Many of our patients receive all their cancer care through Fred Hutch and UW Medicine locations. We also offer CRS-HIPEC to people from across the state, the region and beyond who are getting other parts of their care from their local clinicians. Our team gives second opinions as well.
The physicians and researchers at Fred Hutch are always asking how we can make treatment better and reduce side effects. This is why we do clinical trials. Surgical oncologist Harveshp D. Mogal, MD, MS, specializes in CRS-HIPEC. He has studied outcomes for people with advanced peritoneal cancers who need this treatment. His research has looked at topics like how we can better select candidates for this procedure, how we can reduce health concerns that might happen because of surgery and how we can improve patient well-being.

This treatment is for people with peritoneal carcinomatosis, or cancer that has spread to the peritoneum from the colon or another organ in the abdomen. This is also called peritoneal cancer. (CRS-HIPEC is also used for stomach cancer, ovarian cancer, mesothelioma of the abdomen and some rare sarcomas that can spread to the peritoneum.)
“Developing a treatment plan [for peritoneal cancer] involves highly complex clinical decision-making,” said medical oncologist Stacey Cohen, MD, who co-leads the multidisciplinary CRS-HIPEC clinic at Fred Hutch with Dr. Mogal.
To decide if you might benefit from CRS-HIPEC, your Fred Hutch and UW Medicine team will look carefully at many factors. These include your tumor type, your previous response to chemotherapy and if your tumor is likely to respond well to HIPEC. The right candidate depends on their tumor biology, said Dr. Mogal.
“When we evaluate patients for this procedure, we also consider their age, medical conditions and overall health,” said Dr. Mogal. “Our goal is to select patients who can tolerate surgery and bounce back. The aim is to balance long-term survival with a good quality of life.”
Your care team will explain everything you need to know to prepare. At Fred Hutch, all patients are evaluated by a multidisciplinary team. The team includes a registered dietitian, physical therapist, surgical nurse and in some cases a stoma nurse. Our team approach helps ensure you are getting ready for the surgery and post-operative recovery.

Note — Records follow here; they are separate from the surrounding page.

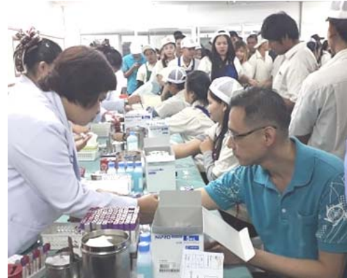
ผู้บริหารและพนักงานเข้ารับการตรวจสอบสุขภาพประจำปีกับโรงพยาบาลเมืองสมุทรปราการ

- การให้ทุนการศึกษา : บริษัทฯ มีความเชื่อมั่นว่าการพัฒนาคุณภาพของเยาวชนเพื่อเป็นกำลังสำคัญในอนาคตเป็นสิ่งจำเป็นอย่างยิ่งสำหรับทุกประเทศ ด้วยเหตุนี้ บริษัทฯ จึงสนับสนุนและส่งเสริมพัฒนาการศึกษาของเยาวชน เพื่อช่วยยกระดับมาตรฐานการศึกษาของไทย โดยจัดโครงการมอบทุนการศึกษาให้กับบุตรของพนักงานในบริษัทฯ ที่มีผลการเรียนและความประพฤติดี
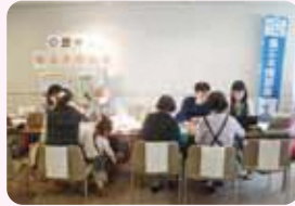
家庭の省エネチェック (省エネ相談会)

27 冷暖房は消費電力量の少ない温度にしよう (冷房は 28 度、暖房は 20 度程度) 🏠 📶
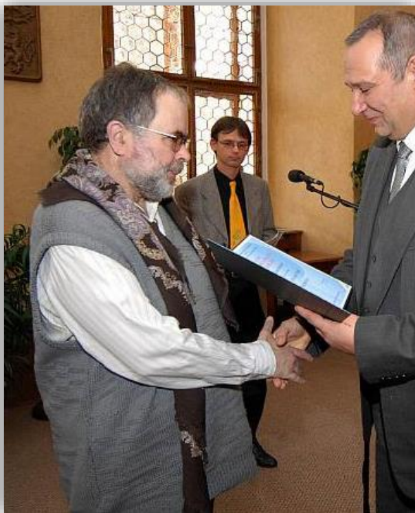
4. Předání Ceny Bohumila Polana na plzeňské radnici za básnické sbírky Zvolání do mlhy a Insomnia.
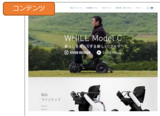
WHILL株式会社 様 「SEOを意識したコンテンツマーケティングで流入獲得した事例」
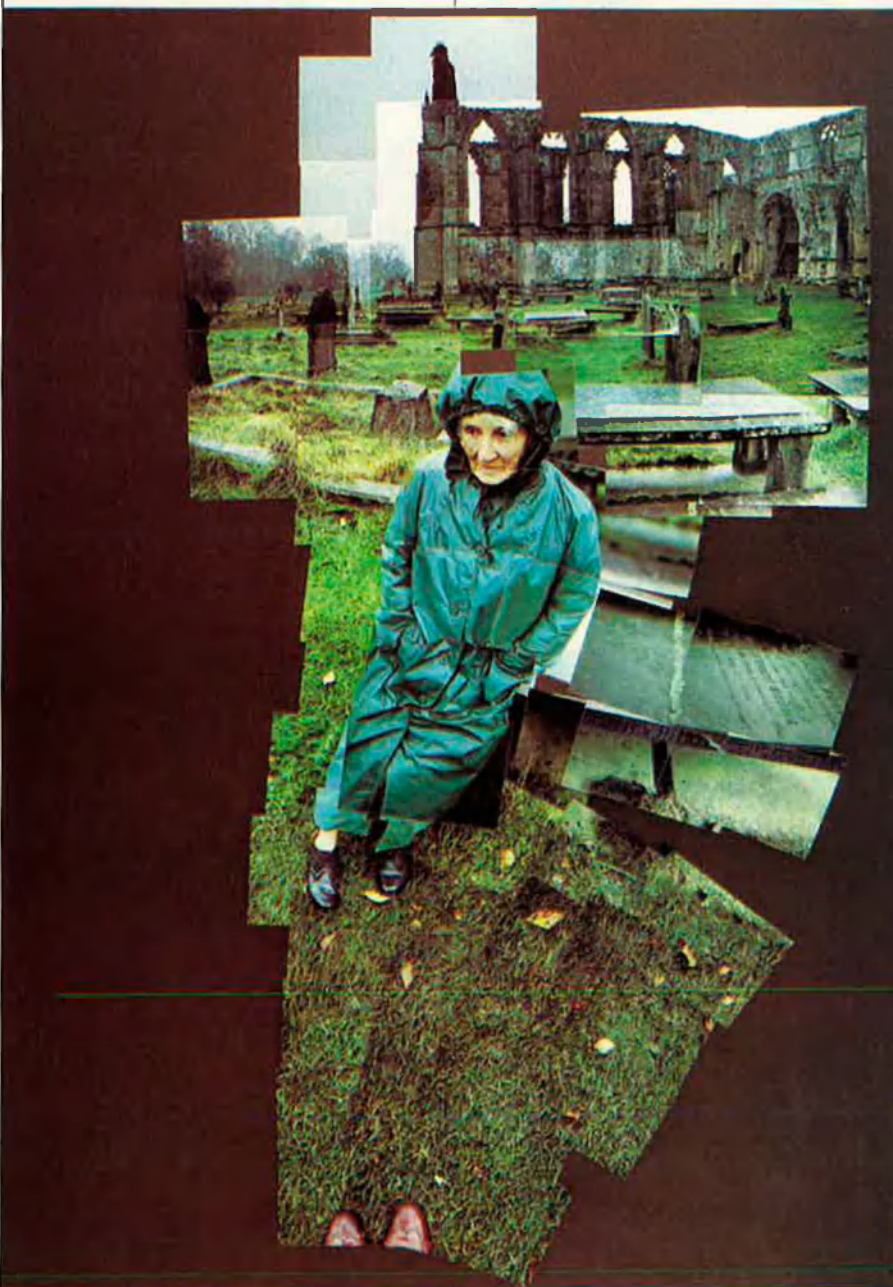
La meva mare, Bolton Abbey, Yorkshire, novembre 1982.

Però un jove intel·ligent, culte i amb una sensibilitat especial i, a més a més, amb les idees molt clares i sense gaire prejudicis a l'hora de confessar la seua identitat sexual no podia mantenir, com es pot suposar —i encara menys a la conservadora Anglaterra—, bones relacions amb les autoritats del Royal College. Però va ser durant aquest període quan Hockney s'assabenta de l'existència d'u-
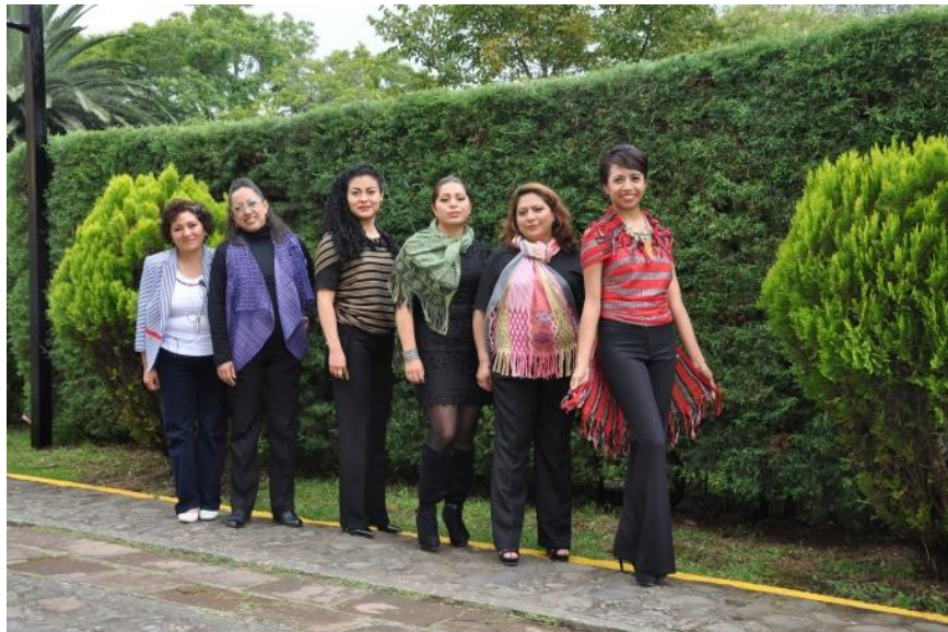
COMPAÑERAS DEL ÁREA ADMINISTRATIVA-ACADÉMICA PORTANDO SU REBOZO.

Entre las acciones más significativas que realiza el centro universitario, destaca la promoción de una de las prendas que han estado ligadas a numerosos eventos de la historia nacional. Se trata del rebozo, producto elaborado por las diestras manos de artesanos tenancinguenses, cuya creación requiere de mucho tiempo en su confección. Los efectos positivos de la difusión que realiza el CU Tenancingo se reflejan en su reconocimiento a nivel nacional e internacional. Cabe agregar que en cada actividad académica (congresos, coloquios) se organizan pasarelas en las que desfilan alumnas y profesoras que portan orgullosamente su rebozo y muestran las múltiples maneras de utilizarlo.
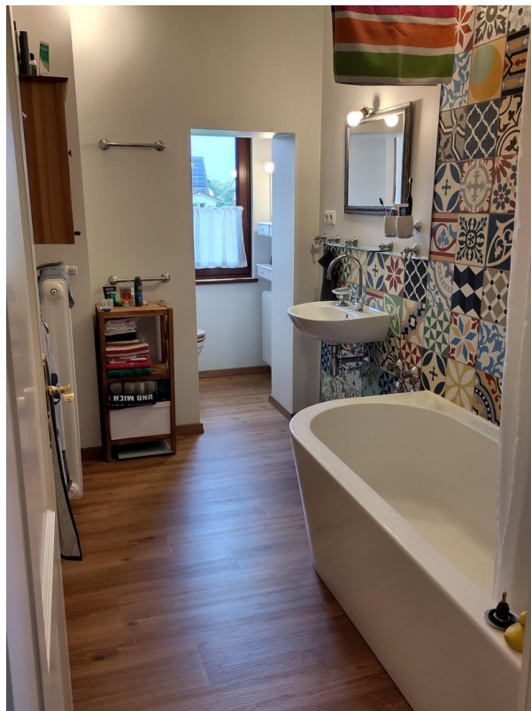
Bad 1 OG
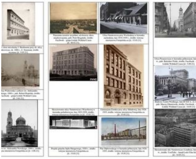
CIĘŻE ŁAJCZY NARUTOWICZA W ŁODZI IKI I MATERIAŁY ARCHIWALNE Z ŁĄCZNE ZGROMADZONYCH PONAD 150 SZTUK NA POTRZEBY REKONSTRUKCJI PRZEBIEGU EWOLUCJI
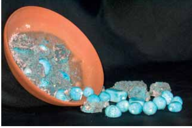
Resim-10 Boncukların kuru sır harmanından çıkarılması Picture-10 Removal of the beads from the dry glaze mix
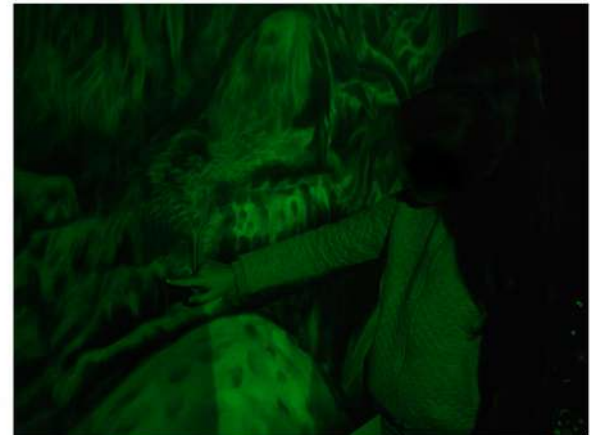
Vue de l'installation

Dans un espace totalement mis au noir, une programmation lumière très lente et de très faible intensité est projetée sur la peinture. La lumière varie lentement mais pas suffisamment ainsi l'oeil ne s'habitue pas à sa vitesse, il s'habitue uniquement à l'intensité au fur et à mesure des passages de la boucle qui dure 5 minutes.

On the day of surgery, you will meet with the anesthesia team to discuss a plan for how best to control your pain. Surgery can last eight to 12 hours. After surgery, you may be admitted to the intensive care unit or the surgical floor for recovery.
Right after surgery, you can expect pain in the incision. We’ll control this with medicine given through a line that goes into vein (intravenous line) or a small tube that sends the medicine to the space around your spine (epidural catheter). The acute pain management team will help with this. Once you are eating by mouth again, you will switch to oral pain medicine. Most patients have some mild discomfort that slowly gets better over weeks. While your pain is improving, you may take some pain medicine as needed.
This is a long, complex operation that can last up to 12 hours. Your care team will make a surgery plan based on everything they know about your cancer, where it is and which tissues likely need to be removed. They will explain beforehand how long they expect surgery to take in your case.
A surgical oncologist with special training in CRS-HIPEC performs this procedure. At Fred Hutch and UW Medicine, you have an experienced team working alongside your surgeon. They include an anesthesiologist, advanced practice provider, nurse, registered dietitian, physical therapist, social worker and others.
The pathology report from your surgery typically takes one to two weeks to come back. After this, you will be able to sit down with your team to discuss prognosis.
Each person is different. For example, some people need more tissue removed than others. Some are in stronger health at the time of surgery than others. So, recovery times differ. Your care team from Fred Hutch and UW Medicine will talk with you about what you can expect your recovery to be like.